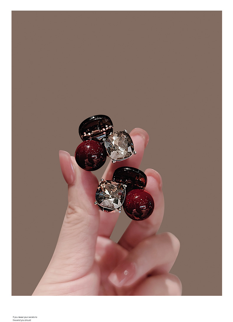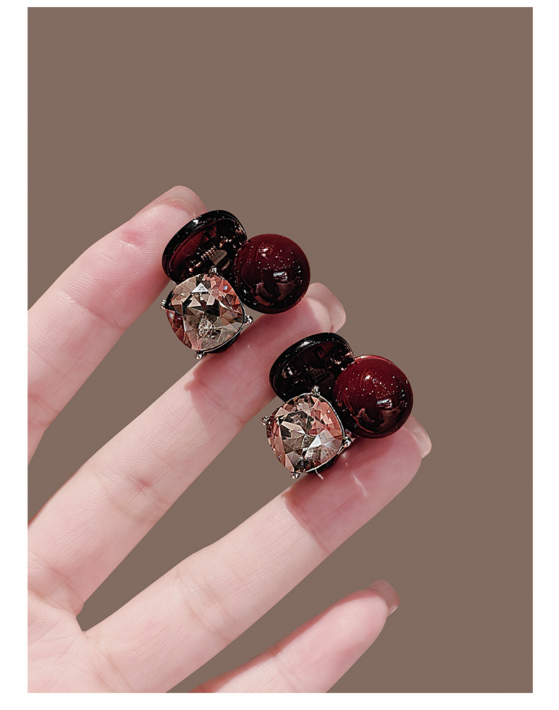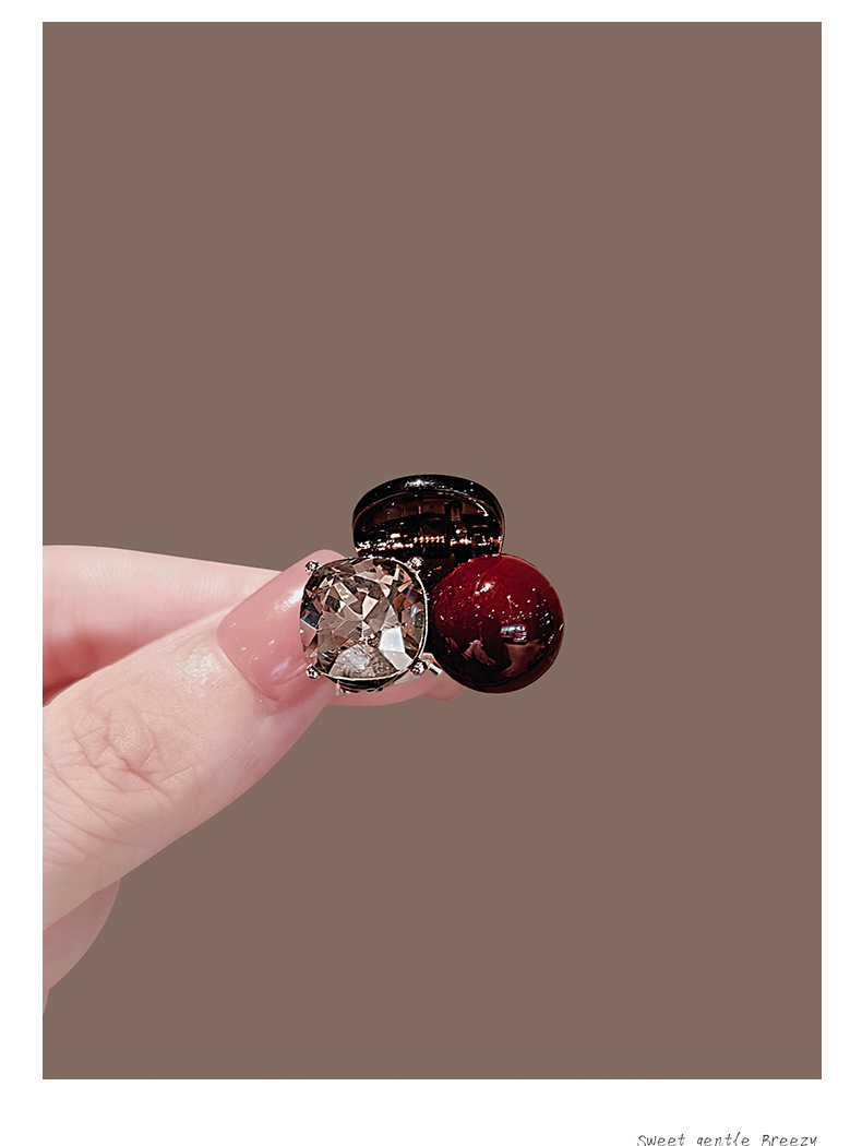 轻奢镶钻红色珍珠水钻抓夹小号刘海夹前额碎发夹公主头发夹子头饰
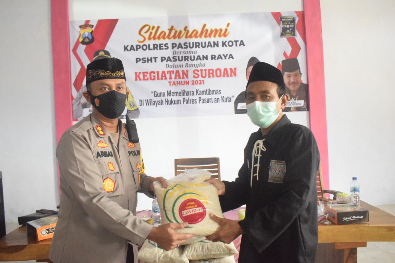 Kegiatan dilanjutkan dengan pemberian bantuan sosial kepada warga PSHT Kota dan Kab. Pasuruan berupa sembako beras 5 kg yang diberikan langsung oleh Kapolres Pasuruan Kota.(Red/Hum)
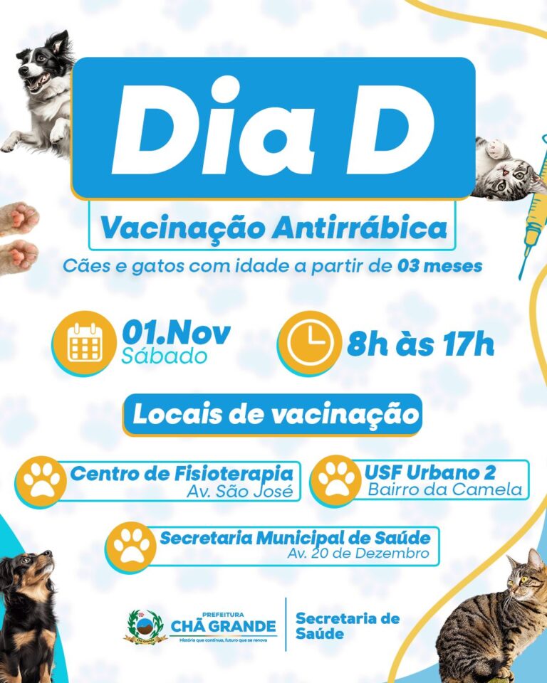 CHÃ GRANDE PROMOVE DIA D DE VACINAÇÃO ANTIRRÁBICA NO SÁBADO
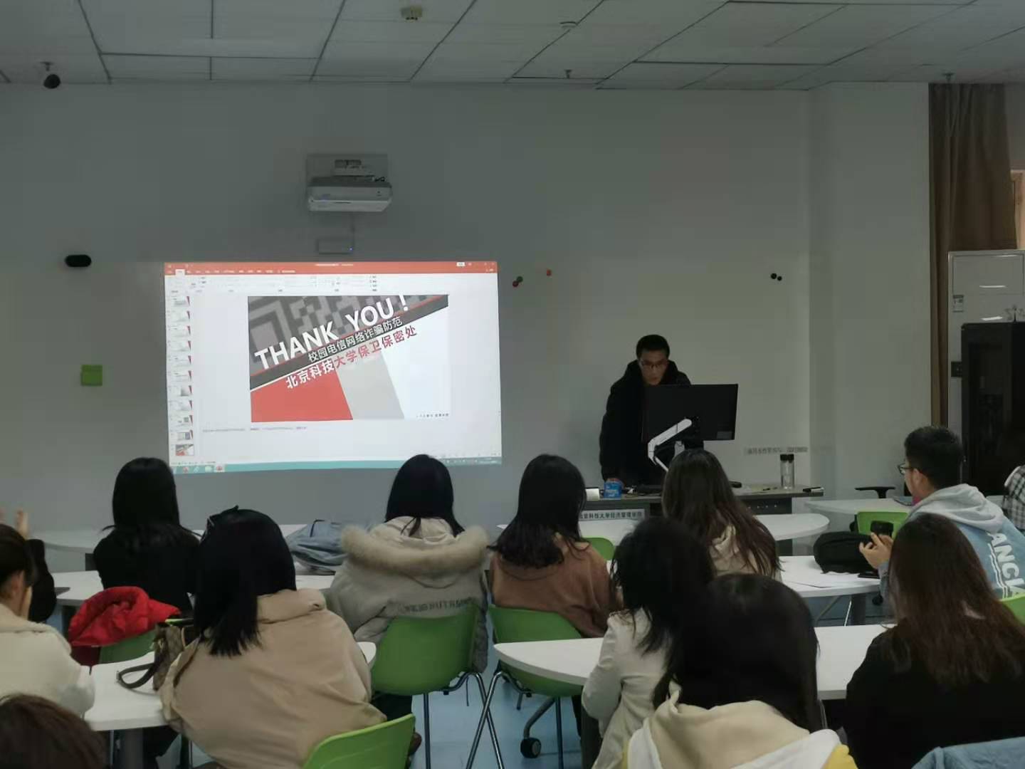 在开始主题团日活动之前,信管192班级有幸邀请到了91麻豆 保卫保密处刘老师进行校园网络诈骗防范主题宣讲。首先对诈骗方式进行了宣传,主要分为点击不良链接,冒充电商客服,冒充亲朋好友进行诈骗,兼职,刷单,炒股等,并为同学们进行了事前防范方法和事后处理方法的指导,场下的同学在刘老师的讲解下,对校园网络诈骗有了更深刻的认识,对网络电信诈骗的防范能力大大提高。

= = = = = = =

_ASSIGNMENT_
Hand back exactly the lines from the one with "CHÃ GRANDE PROMOVE" through the last line of the data above, both ends included, with every picture left out.

_SOLUTION_
 CHÃ GRANDE PROMOVE DIA D DE VACINAÇÃO ANTIRRÁBICA NO SÁBADO
 在开始主题团日活动之前,信管192班级有幸邀请到了91麻豆 保卫保密处刘老师进行校园网络诈骗防范主题宣讲。首先对诈骗方式进行了宣传,主要分为点击不良链接,冒充电商客服,冒充亲朋好友进行诈骗,兼职,刷单,炒股等,并为同学们进行了事前防范方法和事后处理方法的指导,场下的同学在刘老师的讲解下,对校园网络诈骗有了更深刻的认识,对网络电信诈骗的防范能力大大提高。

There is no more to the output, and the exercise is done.